Document Overview This report distills, expands, and illustrates every key point from the Western Australian Planning Commission’s Transport Impact Assessment Guidelines Volume 5 – Technical Guidance (published August 2016, 35 pages). Volume 5 serves as the technical appendix to the broader TIA Guidelines series. It supplies detailed methodologies, data sources, derivation explanations, analytical standards, and graphical best practices for preparing and assessing Transport Impact Assessments (TIAs) for developments, structure plans, and activity centres across Western Australia.
The guidelines promote consistent, evidence-based transport planning that balances safety, efficiency, accessibility, and sustainability. They reference Austroads, ITE, NSW RTA, SA guidelines, MRWA data, and software such as SIDRA. Professional judgment, sensitivity testing, and early consultation with approving authorities (MRWA, local councils, PTA) remain mandatory. All content below directly derives from the PDF; expansions add explanatory depth, real-world application notes, hypothetical examples, and visual recreations for clarity.
Part A – Further Technical Guidance
1. Introduction (p.4) The notes expand main-text requirements on data presentation and traffic engineering principles for TIAs. They are not exhaustive; practitioners must consult Austroads Guide to Traffic Management (Parts 3, 6, 9, 10), Guide to Road Design (Parts 4, 4A, 4B), Guide to Road Safety, Highway Capacity Manual (2010), and MRWA publications. Graphical examples in Part C demonstrate professional standards. Key principle: TIAs must use up-to-date, site-specific data scaled to the assessment level (detailed peak-hour turning movements for individual developments; link flows for structure plans).

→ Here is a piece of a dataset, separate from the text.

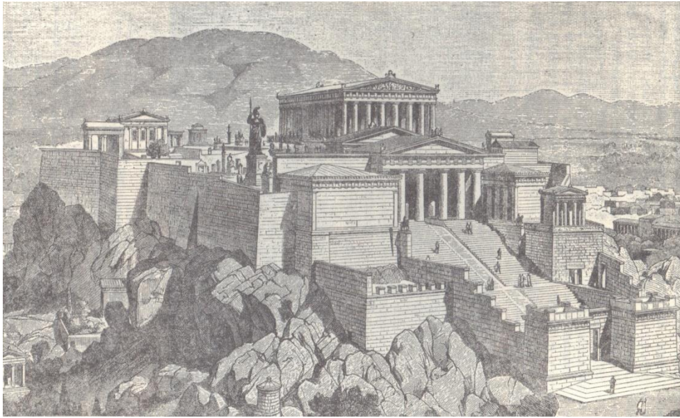
Figura 2 – reconstituição da Acrópole de Atenas.

Judith Crosher diz que por volta do século XII a.C. ocorreram novas invasões de tribos guerreiras vindas do Norte, tomando o Mediterrâneo 55 . Um destes povos guerreiros, os dórios , devastaram cidades micênicas, ocasionando na transferência da população local atacada para a Anatólia, Eólia e a Jônia. Como resultado, formou-se um misto de súditos dos reis micênicos, com os dórios e os seus súditos anteriores 56 .
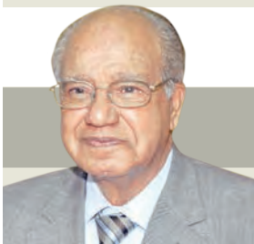
بِقلم عبدالله النباري

2. Traffic Data (pp.4-7) Traffic data forms the foundation of every TIA. Collect or source data appropriate to scale:
- Sources: MRWA Statewide Traffic Digest, Network Performance Specifications (NPS), SCATS (for signalised sites), local councils, PTA. Always verify currency (ideally <2 years old).
- Survey types: Automatic Traffic Counts (ATCs) – minimum 7 days, hourly volumes, vehicle classification, speeds. Intersection turning movement counts – 2-hour peaks in 15-minute intervals, including pedestrians/cyclists. Origin-Destination (O/D) via number-plate matching or video. Household interviews for catchments.

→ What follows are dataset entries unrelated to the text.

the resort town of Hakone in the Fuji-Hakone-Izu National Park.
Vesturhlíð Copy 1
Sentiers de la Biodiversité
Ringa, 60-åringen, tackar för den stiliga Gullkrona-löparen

- Presentation: 24-hour and peak-hour link flows on plans; turning movements in tables and SIDRA input files. Include heavy vehicles %. Practical expansion: For a 500-dwelling subdivision, combine MRWA link data with new ATCs at proposed accesses. Sensitivity test ±15% growth. Common pitfall: ignoring seasonal retail peaks.
Figure A (recreated from Volume 5 examples): Existing vs Additional PM Peak Flows (veh/h) at sample intersection approaches. Visualises incremental impact assessment.
3. Traffic Crash Data (p.7) Analyse MRWA Crash Analysis Reporting System (CARS) for last 5 years. Identify patterns (rear-end, right-turn, pedestrian) and adjust for infrastructure changes or volume growth. Quote: “Crash history should be analysed to identify any patterns… and consideration given to any changes.” Expansion: High crash locations trigger remedial measures even if LOS is acceptable. Integrate with Safe System principles (Austroads). Hypothetical: A site with 12 rear-end crashes in 5 years on a 60 km/h approach warrants signalisation or channelisation.
4. Time Periods for Analysis (pp.7-9) Analyse worst-case combination of background road peaks + development peaks. Standard windows:
- Residential/Office: AM 7-9 am, PM 4-6 pm.
- Retail: Thursday evening + Saturday midday.
- Schools: school start/finish.
- Entertainment: site-specific (e.g., Friday 7-9 pm). Agree periods with authority; include future years (opening + 5/10). Use SCATS or surveys for precise peaks. Expansion: Thursday PM often worse than Friday for retail due to commuter + shopping overlap. Sensitivity: test 10% higher background growth.
5. Trip Generation Rates (pp.9-11) Person-trips preferred where mode choice applies; otherwise vehicle-trips. Methods (in priority order):
- Site-specific surveys of comparable WA developments.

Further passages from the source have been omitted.